WORK ITEM:
Quote the data below in full, minus the images.

DATA PROVIDED:
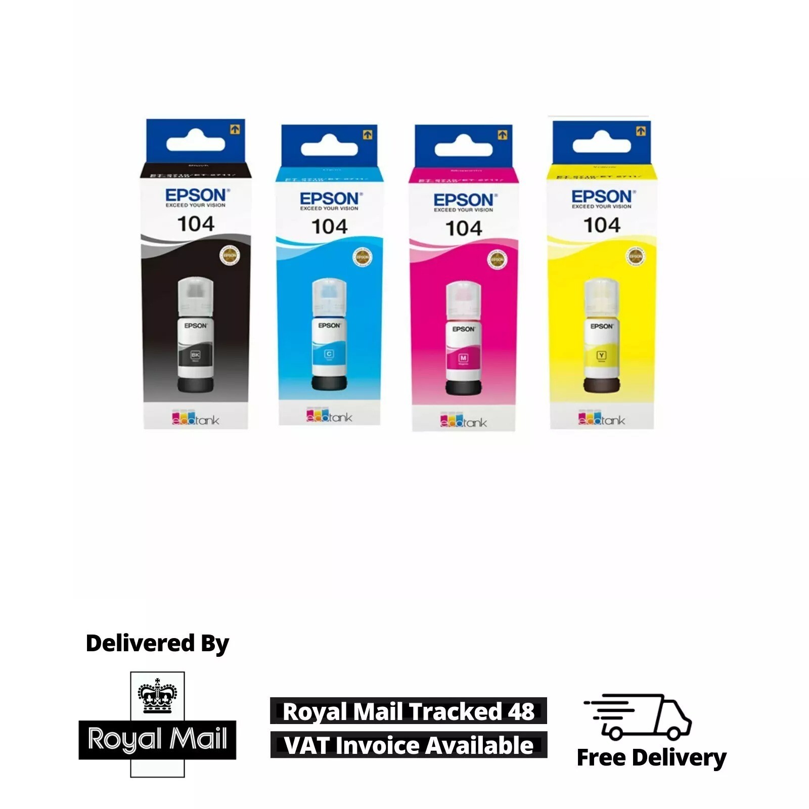 Genuine Epson 104 Ecotank Ink Bottle Refill Full Set for ET-2710 ET-2711 ET-4700
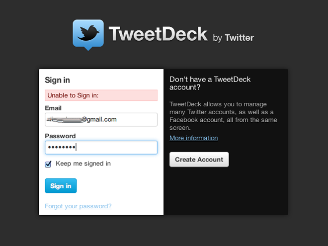 Después de que un usuario reportara la presencia de un error de programación en TweetDeck, Twitter decidió apagar el servicio. Según confirmó TechCrunch Geoff Evason, un usuario de TweetDeck en Sidney, asegura que descubrió que podía acceder a cientos de otras cuentas a través del servicio.
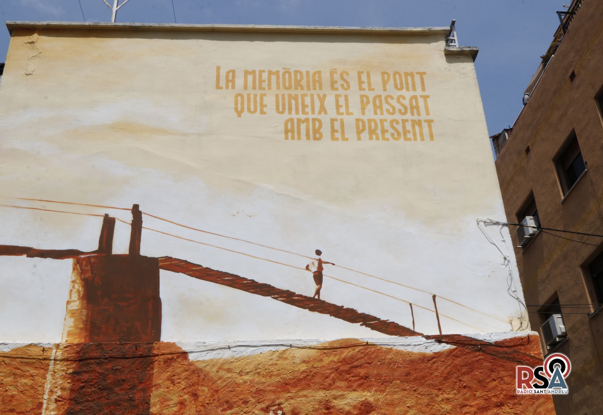 Un mural sobre memòria històrica amb una imatge històrica a Sant Andreu de la Barca com és el símbol de La Palanca que permetia passar de banda a banda dle riu Llobregat.

SOLUTION TO THE EXERCISE:
 Genuine Epson 104 Ecotank Ink Bottle Refill Full Set for ET-2710 ET-2711 ET-4700
 Después de que un usuario reportara la presencia de un error de programación en TweetDeck, Twitter decidió apagar el servicio. Según confirmó TechCrunch Geoff Evason, un usuario de TweetDeck en Sidney, asegura que descubrió que podía acceder a cientos de otras cuentas a través del servicio.
 Un mural sobre memòria històrica amb una imatge històrica a Sant Andreu de la Barca com és el símbol de La Palanca que permetia passar de banda a banda dle riu Llobregat.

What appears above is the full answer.